While Tiger Woods fall was dramatic, it was that it was happening to him that was so astounding. Woods had created a stainless steel sports and public persona. His game was beyond compare and so was the value of his brand. His talent, his clothes, his watch, his car, his house, and—yes—his wife all proclaimed SUCCESS by any standard of popular American culture. Woods and his well-paid handlers together prevented any significant crack from appearing in that carefully crafted image—until that stupid fire hydrant got in the way. The crack that then appeared disgorged virtually a whole other person—the Tiger Woods who had been behind the curtain all along.

In the end it was the age-old clash of image versus reality, the compartmentalization of two different lives that inevitably merge at some certain point, whoever you are. He exhibited the same superhuman confidence off the golf course that he exhibited on it, apparently convinced he would never be caught despite the stupid sloppiness at the end—text messages, voice-mail messages. He deluded himself into thinking he could be something that he wasn’t: untouchable. The greatest feat of his career is that he managed to get away with it for so long in public, the bionic man instead of the human one who hit a fire hydrant. ("Tiger in the Rough" by Buzz Bissinger in Vanity Fair.)

Lent has traditionally been a time for self-examination.
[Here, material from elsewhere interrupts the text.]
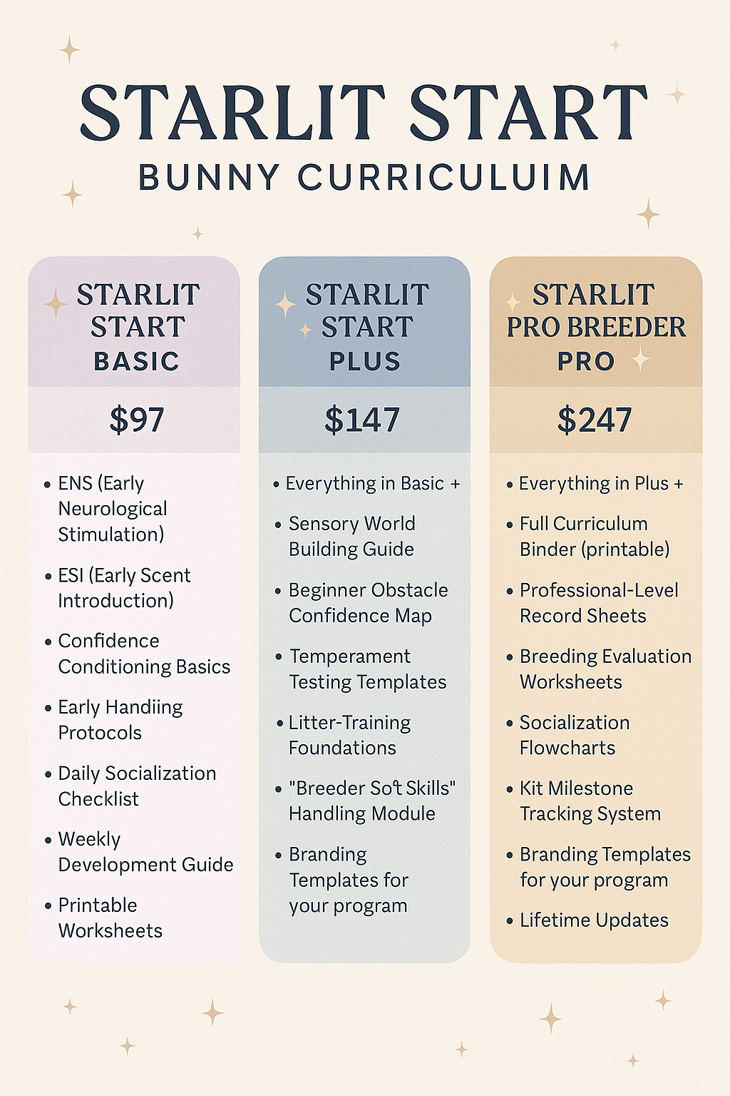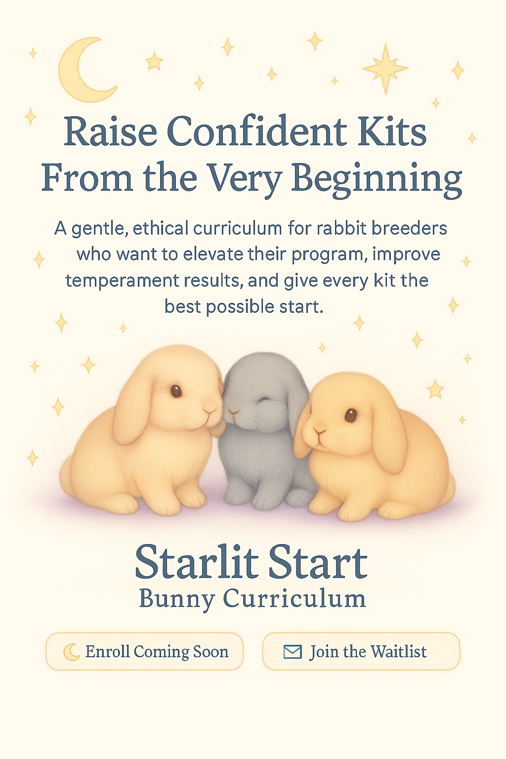 Helping ethical breeders raise confident, calm, well-socialized kits from day one. ![]() ![]() A gentle, ethical, research-supported curriculum for rabbit breeders who want to elevate their program, improve temperament results, and give every kit the best possible start. 🌙 Enroll Coming Soon follow us on Instagram @setarehbunnies for Launch Updates! 📩 Join the Waitlist ⭐ Section 1 — What Is Starlit Start? A soft, celestial curriculum designed exclusively for rabbit breeders. Starlit Start blends early neurological concepts, sensory exposure, ethical handling techniques, and confidence-conditioning for prey animals — all adapted safely, gently, and appropriately for baby rabbits. Developed by Heather at Setareh Bunnies, Starlit Start is rooted in real behavior science, breeder experience, and a deep desire to raise calmer, healthier, more resilient domestic rabbits. A gentle beginning creates a confident life. 🌙 Section 2 — Why Early Handling Matters Rabbits are prey animals — naturally cautious, easily startled, and sensitive to new experiences. The way a kit is handled in the first weeks of life can shape: – Temperament – Confidence & resilience – Ease of bonding – Comfort with grooming & vet care – Adaptability in their future home Starlit Start gives breeders clear, safe, science-backed steps that build trust without overwhelming or overstimulating kits. Trust isn’t forced — it’s nurtured. ✨ Section 3 — What’s Inside the Curriculum A complete, structured system you can easily integrate into your current breeding program: ⭐ The 10 Moments of Trust 10 gentle, daily micro-moments that shape lifelong confidence. Each moment is illustrated, explained, and demonstrated step-by-step. 🌟 Early Sensory Experiences Safe scent introduction, texture exploration, early movement confidence, and novelty exposure. 🌕 Confidence Conditioning Mini-exercises that help young kits become more adaptable, resilient, and secure. ⭐ Breeder Templates & Worksheets Daily logs, temperament observations, litter tracking, socialization records, and a printable binder. 🌙 Educational Videos (Coming Soon) Demonstrating each step with real kits. Everything you need, all in one gentle system. 🌠 Section 4 — Who This Curriculum Is For Starlit Start is ideal for: ✔ Ethical breeders ✔ Small hobby breeders ✔ Programs focused on temperament, health, and families ✔ Breeders who want a repeatable, professional system ✔ Anyone determined to raise confident, well-adjusted rabbits Better beginnings = better bunnies. 🌙 Section 5 — The Results You Can Expect Breeders who follow Starlit Start typically see: ✨ Kits that accept handling with ease ✨ Lower startle response ✨ Improved grooming/nail care cooperation ✨ Faster settling in new homes ✨ Happier owners & stronger breeder reputation ✨ A calmer, more stable temperament line over time Breeding for beauty AND bravery. 🌟 Section 6 — Program Tiers ⭐ Starlit Start Basic — $97 Foundational tools for a gentle start. Includes ENS-adapted handling, early sensory steps, and breeder worksheets. 🌙 Starlit Start Plus — $147 Everything in Basic + confidence maps, temperament templates, and litter training foundations. 🌕 Starlit Start Pro Breeder — $247 The full professional system, including printable curriculum binder, socialization flowcharts, milestone tracking, and branding templates. See Curriculum Breakdownn (Click on the image to see it bigger) ![]() 🌌 Section 7 — Why Breeders Love Starlit Start ⭐ “Our kits are noticeably calmer and easier to handle.” ⭐ “Owners rave about how confident their bunny is from day one.” ⭐ “It elevated our program — families noticed the difference immediately.” Your reputation shines when your bunnies shine. 🌙 Section 8 — FAQ Is this safe for newborn rabbits? Yes — every step is designed with prey-animal sensitivity and developmental stages in mind. Does this replace regular handling? No — it enhances it, giving you structure and purpose behind every interaction. Can I start mid-litter? Yes! You can begin from Day 1 or integrate steps at any stage. Will this help me stand out as a breeder? Absolutely. Few programs emphasize temperament development — Starlit Start becomes a signature of professionalism. 🌙 Join the Waitlist 📘 Get Launch Updates follow us on instagram @setarehbunnies 💌 Notify Me When Enrollment Opens Confidence begins with you — and begins today. |

Typically this has meant looking for and looking at one’s character flaws, bad habits, wrongs needing to be righted, grudges needing to be let go of, persons needing to be forgiven. All-in all, certainly not a bad practice.

The Tiger Woods saga suggests what could be a valuable, contemporary recasting of Lenten discipline. Rather than asking, “What about me needs to be changed?” perhaps we need to ask, “Who am I, really?” In his startling and well-publicized comments, Britt Hume said Woods needed to come to Christianity to find redemption. Regardless whether, as Hume claimed, Christianity is the best place to “find redemption” it’s not obvious that is, in fact, Woods greatest need. Rather, it seems the first thing he needs is to figure out just who Tiger Woods really is.

In the gospel for Ash Wednesday, Jesus exhorts his followers to practice their piety in secret and not be like the scribes and Pharisees who “blow trumpets” to draw attention to their good deeds. Jesus labels them with one of his worst put-downs: hypocrites. Their public piety, he implies, hides a much more sordid reality in their private lives. Imagine if they played golf.

The gospel for the First Sunday in Lent tells the story, prior to the beginning of his public ministry, of Jesus’ temptation in the wilderness. In effect, Satan confronts him with the question we all struggle with and sometimes hear verbally: “Who do you think you are?” If you’re really the messiah, Satan says, then prove it. He assumes being the messiah is a defined thing. To each of the temptations, however, Jesus responds, “No, that’s not me. I know who I am and those things aren’t me.”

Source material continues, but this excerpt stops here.